Congressional Outlook on FY 2015 Budget
Because last year’s budget process went into January, this year’s process, for FY 2015 is starting late – in March instead of February. House and Senate Budget Committee Chairmen Rep. Paul Ryan (R-WI) and Sen. Patty Murray (D-WA) agree that the total spending amount that was set in the January budget deal stands for their work in this cycle’s appropriations process. They will be hard at work on budget issues this spring, but are taking different approaches. Both Murray and Ryan have released reports in the last week, outlining where they might go with a budget process this year.
Murray clearly does not see the need for a budget resolution, and believes appropriators can get to work on FY2015 bills because the Bipartisan Budget Deal set the spending total in law. Her report, which focuses on the successes of the budget battles over the last five years, notes that there has been $3.3 trillion in deficit reduction over that time, and promotes an optimistic outlook for the economy. With that in mind, she says it’s time for Congress to pay attention to the other “deficits” in our country, and make new investments in jobs, education, infrastructure, R&D and our global competitive edge.
While Sen. Murray will not write a budget resolution, her report will help frame the Senate Democratic message on spending, deficit reduction, and increasing revenues during the process this year.
Rep. Ryan is expected to produce a budget resolution for the House. With the top line spending number set, he can look at how to reform entitlement programs and find additional deficit reduction. His recent report, The War on Poverty: 50 Years Later looks at how the government has spent trillions of dollars on duplicative, counter-productive anti-poverty programs; programs which have not had their intended impact as poverty rates are the same, if not worse, than 50 years ago. It is a thoughtful, academic piece that gives a program-by-program analysis of history and effectiveness.

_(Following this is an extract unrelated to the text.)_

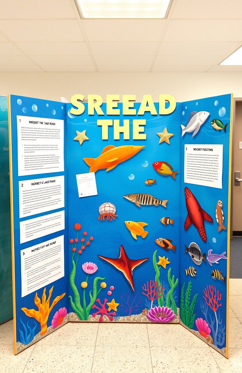An under-the-sea theme can make your board look like an ocean adventure. With blues, greens, and sea creatures, it’s like diving into the deep.
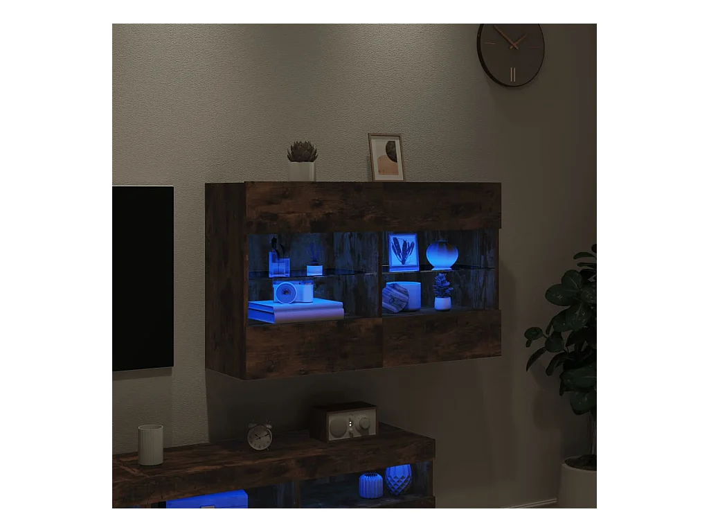 DuBois Mueble TV de pared con luces LED roble ahumado 78,5x30x60,5 cm

Rep. Ryan’s report includes a chapter on Education and Job Training which reviews 24 federal programs and four tax expenditures across seven agencies, with total spending of $94.4 billion in FY2012. Three programs in student aid are reviewed – Pell Grants, SEOG and TRIO – from the angle of looking at evidence to see if the program is serving its purpose. Multiple sources from government and academia are referenced as resources for the evidence.
The critiques of the Pell Grant program are that it is too broadly available to college students, not just low-income students; and that while the evidence recognizes that “the research is mixed,” increases in Pell grants result in increased tuition. For TRIO, the report references an OMB analysis that finds three of the six TRIO programs – Student Support Services, Talent Search, and McNair Post-Baccalaureate Achievement – were “moderately effective” in meeting the intended purposes of the programs, while the others were found “ineffective” or “not demonstrated.” And finally, for SEOG, the report notes that there is “little, if any, academic research on the effectiveness of SEOG.” However, the “the bulk of aid goes to private colleges, which traditionally enroll a much smaller share of low-income and/or Pell-eligible students,” and that “students at very high cost institutions are more likely to receive a SEOG.”
It is important to keep this research in mind, as it will be instrumental in how the House Republican Caucus approaches funding for these student aid programs this year; and more broadly how they approach any work on entitlement reform in the budget process.